| FGF9 — Glial-Activating Factor | |
|---|---|
| Protein Name | FGF9 |
| Gene | [FGF9](/genes/fgf9) |
| UniProt ID | P31360 |
| Molecular Weight | ~23 kDa (208 amino acids) |
| Subcellular Localization | Secreted, Extracellular space |
| Protein Family | FGF (Fibroblast Growth Factor) family |
| Structure | Beta-trefoil fold |
| Associated Diseases | [Alzheimer's Disease](/diseases/alzheimers), [Parkinson's Disease](/diseases/parkinsons-disease), Multiple Sclerosis |
Fgf9 Protein is an important component in the neurobiology of neurodegenerative diseases. This page provides detailed information about its structure, function, and role in disease processes.
FGF9 (Fibroblast Growth Factor 9), also known as Glial-Activating Factor (GAF), is a member of the FGF family of growth factors. Encoded by the FGF9 gene, this protein is notable for its unique receptor binding profile and its role in glial cell biology [1][2].
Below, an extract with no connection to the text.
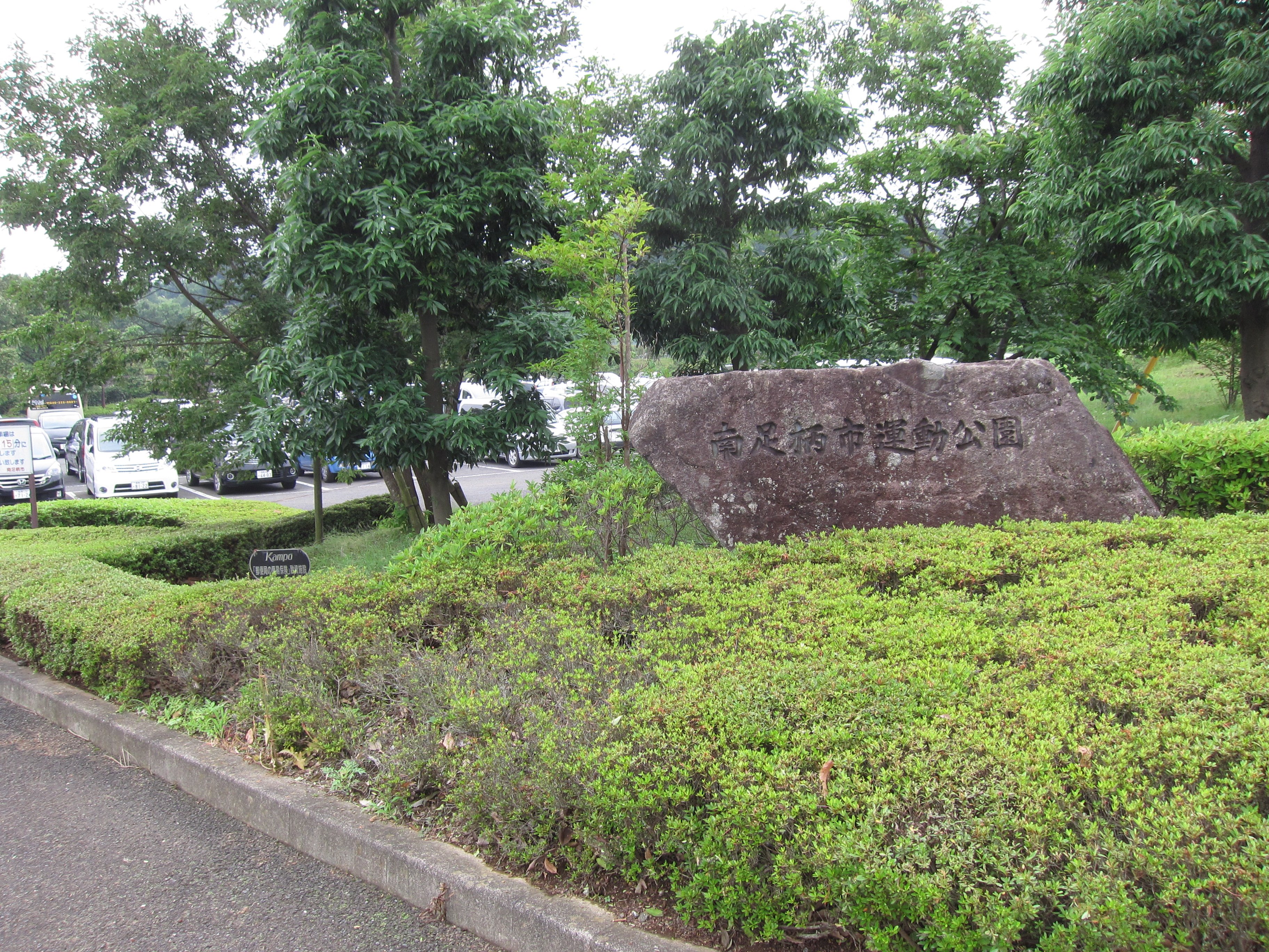 Minami Ashigara Sports Park

FGF9 was originally identified for its ability to stimulate the proliferation of glial cells, particularly astrocytes and Schwann cells. This activity led to its designation as Glial-Activating Factor [3].
Like other FGFs, FGF9 adopts the characteristic beta-trefoil structure:
FGFR3 Specificity
Heparin Independence
FGF9 activates:
FGF9 in AD:
Astrogliosis
Neuroinflammation
In PD:
FGF9 in MS:
The study of Fgf9 Protein has evolved significantly over the past decades. Research in this area has revealed important insights into the underlying mechanisms of neurodegeneration and continues to drive therapeutic development.
Historical context and key discoveries in this field have shaped our current understanding and will continue to guide future research directions.